The war party needed him.
He set his bow aside, looked at the shaft in his leg, and gripped it with both hands. He tugged. It wouldn’t come out. Shaking, he tried again, gritting his teeth, and yanking as hard as he could. The pain blazed through him like white-hot fire. Finally, his hands shook too badly to maintain his grip. He let go, and sank back against the dark trunk, groping for his bow.
He dragged it over his lap, and prayed.
Wren lay on her stomach next to Elk Ivory, the knife in her right hand, her heart thumping in her throat. They hid behind a jumbled pile of rocks to the south of the village. All around them, people crashed through deadfall, yelling, and cursing. So far, Elk Ivory had made no attempt to join the battle.
She lay prostrate, her eyes furiously scanning the mist.
Branches cracked behind them, and Elk Ivory leaped to her feet with her bow drawn.
Wren could make out a line of people coming toward them. Their bodies wavered in the mist, sometimes visible,
sometimes not. She couldn’t tell whose side they belonged to.
Elk Ivory reached down, grabbed Wren by the collar, and jerked her to her feet. “Go down to the lakeshore and run north along the sand,” she whispered. “Now. Run!”
Wren flew down the hill, her legs pumping, and arms flying.
Two men stumbled into the village, fighting, and Jumping Badger spun to look.
Sparrow took the opportunity. Pulling his stiletto from his pocket, he took two running strides, and swung for Jumping Badger’s chest. Jumping Badger caught his arm, pivoted, and threw Sparrow to the ground. Sparrow’s foot shot out, catching Jumping Badger behind the knees. He toppled, but came up quickly and leaped for Sparrow’s stiletto. Sparrow bellowed, grabbed Jumping Badger around the neck, jerked him sideways, and rolled on top of the young war leader. He gouged at Jumping Badger’s left eye, trying to tear it from its socket.
Jumping Badger writhed like a dying animal. He slammed a fist into Sparrow’s throat.

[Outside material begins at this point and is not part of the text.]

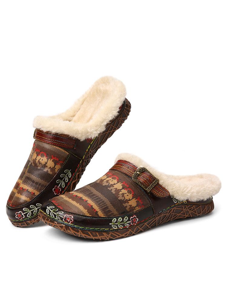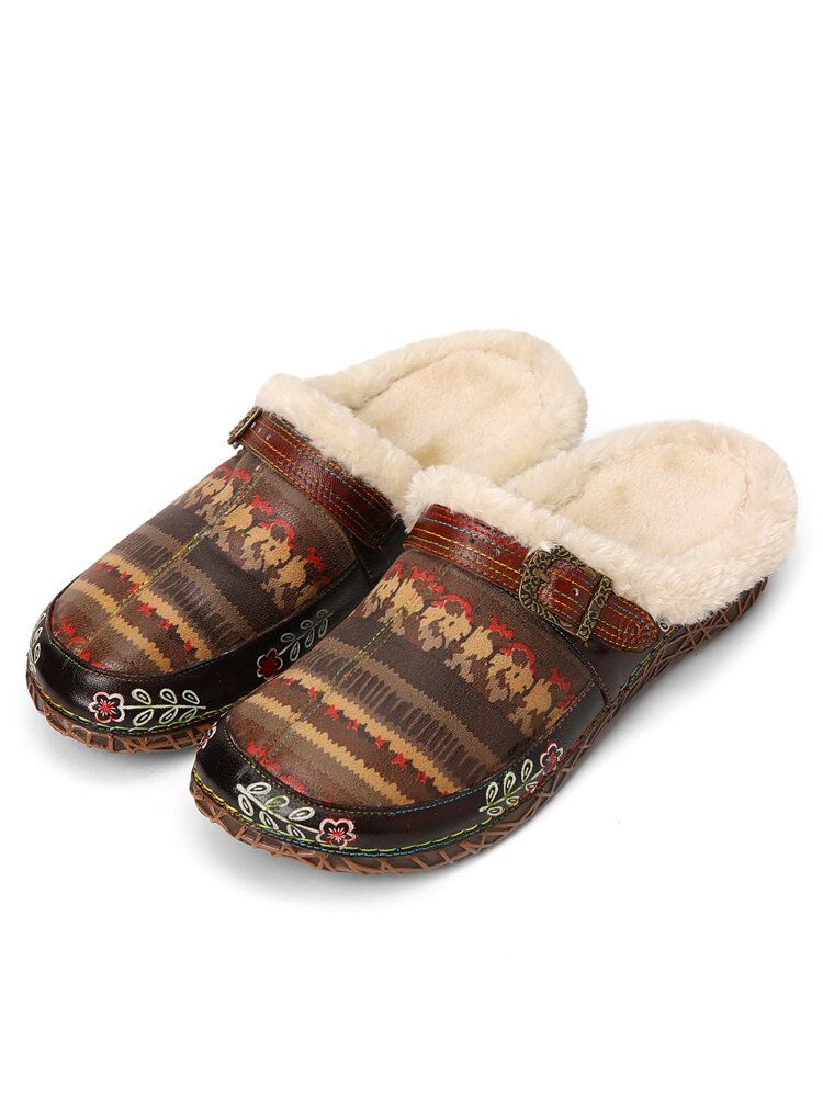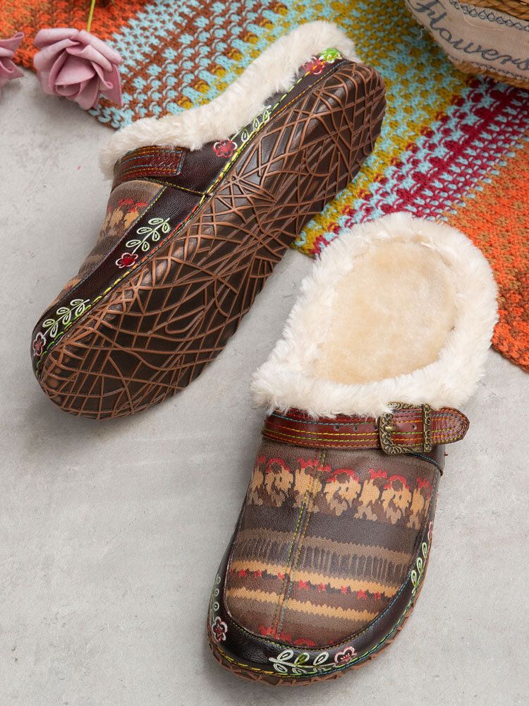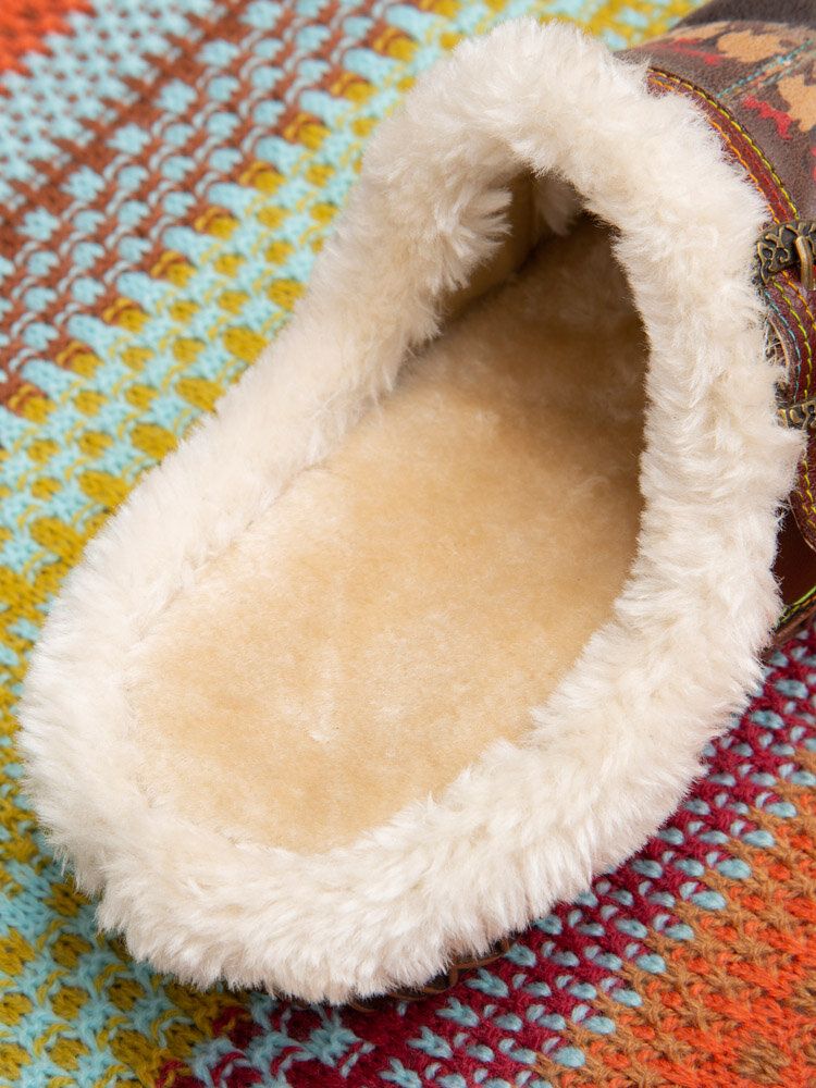 Ethnic Pattern Genuine Leather Soft Comfy Warm Fuzzy Casual Closed Toe Slippers
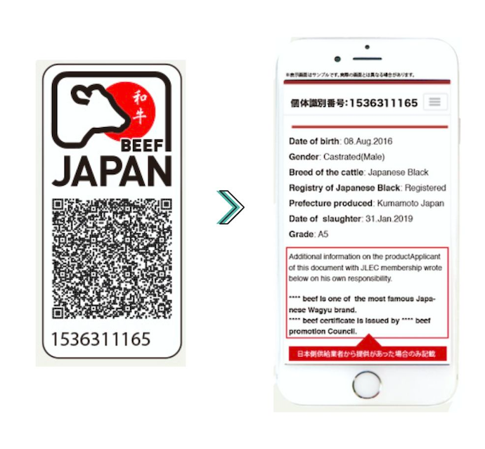 Le Conseil pour la promotion des exportations des produits japonais d’origine animale a mis en place un système de QR code sur chaque morceau du Wagyu japonais. Une fois scanné, le QR code affiche toutes les informations concernant l’animal sur votre smartphone : date de naissance du bœuf, sexe, race, état d’enregistrement du bœuf au Conseil, date d’abattage, niveau d’engraissement.

The flash of pain stunned Sparrow. He couldn’t breathe. Jumping Badger flung Sparrow to his back.
As the two men rolled and thrashed across the ground, the village exploded around them. Warriors streamed in from both sides, shouting, and firing their bows from less than four paces. A melee of running, screaming people ensued.
Sparrow heard Dust shout hoarsely, then saw her racing across the plaza with her long gray braid flying. Two
warriors tackled her, bringing her down hard.
Sparrow roared, and threw all of his strength into the fight. Dust had been right about his age. Jumping Badger had managed to get on top, and Sparrow couldn’t seem to get the leverage to escape. His muscles were tiring fast, his grip on his stiletto weakening.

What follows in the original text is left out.